◆ PROVIDED DATA ◆
-=-=-=-=-

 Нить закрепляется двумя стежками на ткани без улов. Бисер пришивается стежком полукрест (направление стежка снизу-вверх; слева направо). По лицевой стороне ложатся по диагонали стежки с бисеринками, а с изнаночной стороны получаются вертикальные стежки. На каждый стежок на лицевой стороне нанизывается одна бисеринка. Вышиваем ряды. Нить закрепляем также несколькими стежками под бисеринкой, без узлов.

-=-=-=-=-

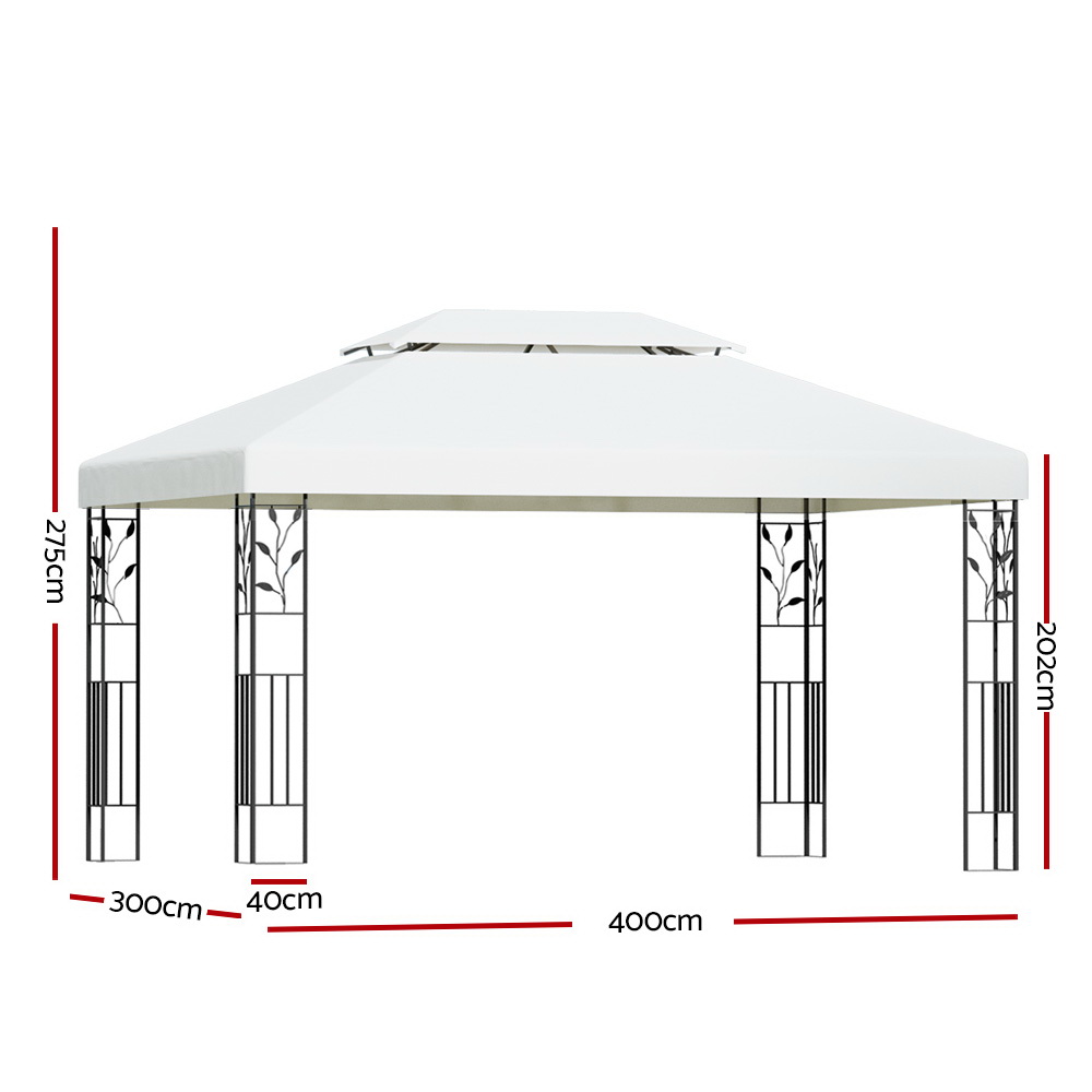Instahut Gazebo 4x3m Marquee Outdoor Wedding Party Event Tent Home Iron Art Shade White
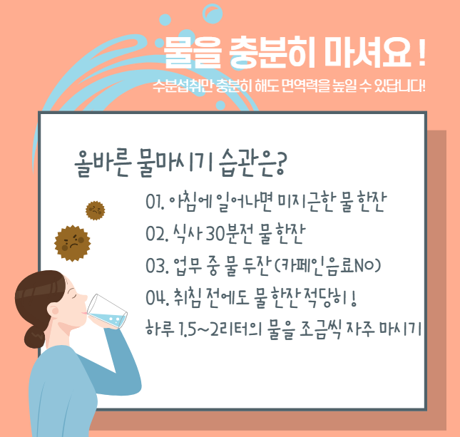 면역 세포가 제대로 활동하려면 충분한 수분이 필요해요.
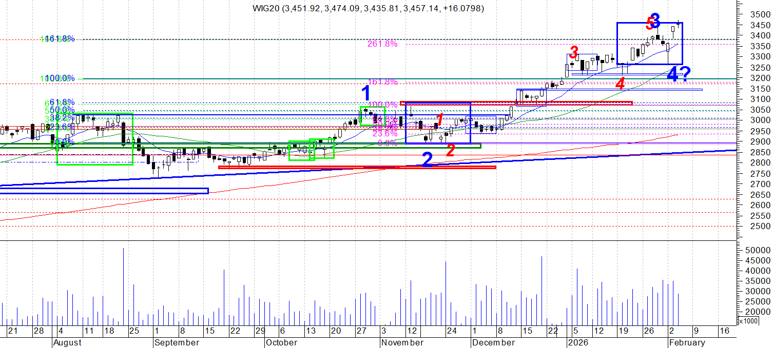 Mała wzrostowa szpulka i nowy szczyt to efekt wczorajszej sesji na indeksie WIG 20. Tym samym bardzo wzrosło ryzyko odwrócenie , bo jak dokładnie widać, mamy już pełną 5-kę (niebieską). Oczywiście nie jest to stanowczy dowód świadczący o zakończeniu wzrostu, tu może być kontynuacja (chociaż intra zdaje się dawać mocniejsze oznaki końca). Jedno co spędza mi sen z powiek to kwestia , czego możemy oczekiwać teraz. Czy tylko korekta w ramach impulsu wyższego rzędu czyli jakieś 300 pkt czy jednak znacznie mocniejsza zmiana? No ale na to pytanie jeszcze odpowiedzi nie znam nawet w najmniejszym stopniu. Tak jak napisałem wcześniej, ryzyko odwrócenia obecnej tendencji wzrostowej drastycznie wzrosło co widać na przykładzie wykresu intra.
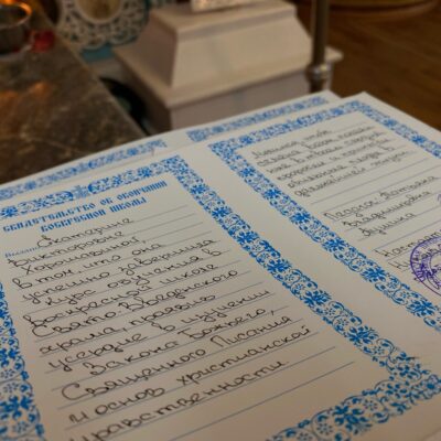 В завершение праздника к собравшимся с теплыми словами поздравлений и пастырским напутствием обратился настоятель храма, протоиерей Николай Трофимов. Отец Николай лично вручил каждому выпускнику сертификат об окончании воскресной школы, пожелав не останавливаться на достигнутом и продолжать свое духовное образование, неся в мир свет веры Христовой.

-=-=-=-=-

◆ WHAT THE EXERCISE ASKS ◆
Transcribe, from the material above, the stretch starting at the line with "Instahut Gazebo 4x3m" and ending at the line with "면역 세포가 제대로 활동하려면 충분한 수분이 필요해요.", both included, exactly. Do not carry over pictures.

◆ WRITTEN RESPONSE ◆
Instahut Gazebo 4x3m Marquee Outdoor Wedding Party Event Tent Home Iron Art Shade White
 면역 세포가 제대로 활동하려면 충분한 수분이 필요해요.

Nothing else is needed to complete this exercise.